MacDermid, for example, makes a polycarbonate with a hard
coating that can undergo printing and forming while partially
cured. The film remains pliant enough to be compatible with
deep forming processes. A final UV cure after forming creates
a coating with sufficient hardness to meet automotive industry
specifications and a high-gloss finish.
Surface finish requirements vary by application. Some
products need high-gloss coatings, while others look better with matte surfaces. Textured coatings with embedded
nanoparticles reflect light in multiple directions, creating
antiglare surfaces. Antireflective coatings combine layers with
differing indices of refraction to reduce reflection without
increasing haze. Fingerprint-resistant coatings need to repel
both water- and oil-based contaminants, posing an additional
challenge for coating manufacturers.
Inks for FIM need to be formable and heat-resistant to survive
the elevated temperatures during the molding process. Standard
screen printing inks cannot meet this requirement. Inks also need
to adhere well to the film surface and therefore must be chosen
with the substrate material in mind. Improper ink selection can
lead to delamination, cracking, or melting of the printed design
during FIM processing. Washout, where the heat and pressure of
injection molding cause localized film melting, can be avoided
through optimized product design and materials selection.
The FIM industry is mature enough that many suitable inks
are commercially available. These inks are heat-resistant and
flexible, and are designed with FIM in mind. Several suppliers produce solvent-based FIM inks that are free from toxic
solvents such as benzene and toluene and do not have any
intentionally added halogens (chlorine or bromine). Most FIM
inks require heat curing, but some are UV-curable.

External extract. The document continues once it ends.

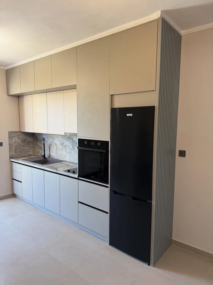 Installed full-height kitchen cabinets with smooth, handle-less fronts in neutral tones, creating a seamless and minimalist visual effect while maximizing storage. -
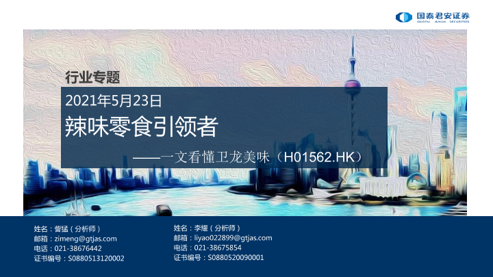 【国泰君安证券】【20210523】20210523-国泰君安-食品饮料行业专题:一文看懂卫龙美味-辣味零食引领者-16页

Inks may be both decorative and functional. Possible functions include selective light transmission, phosphorescence,
antibacterial properties, or electrical conductivity. The availability of electrically conductive inks that are compatible with
FIM has enabled integration of FIM with printed electronics.
Example of plastic surface combining FIM with electronically controlled
buttons, switches, and lighting. Photos courtesy of TactoTek.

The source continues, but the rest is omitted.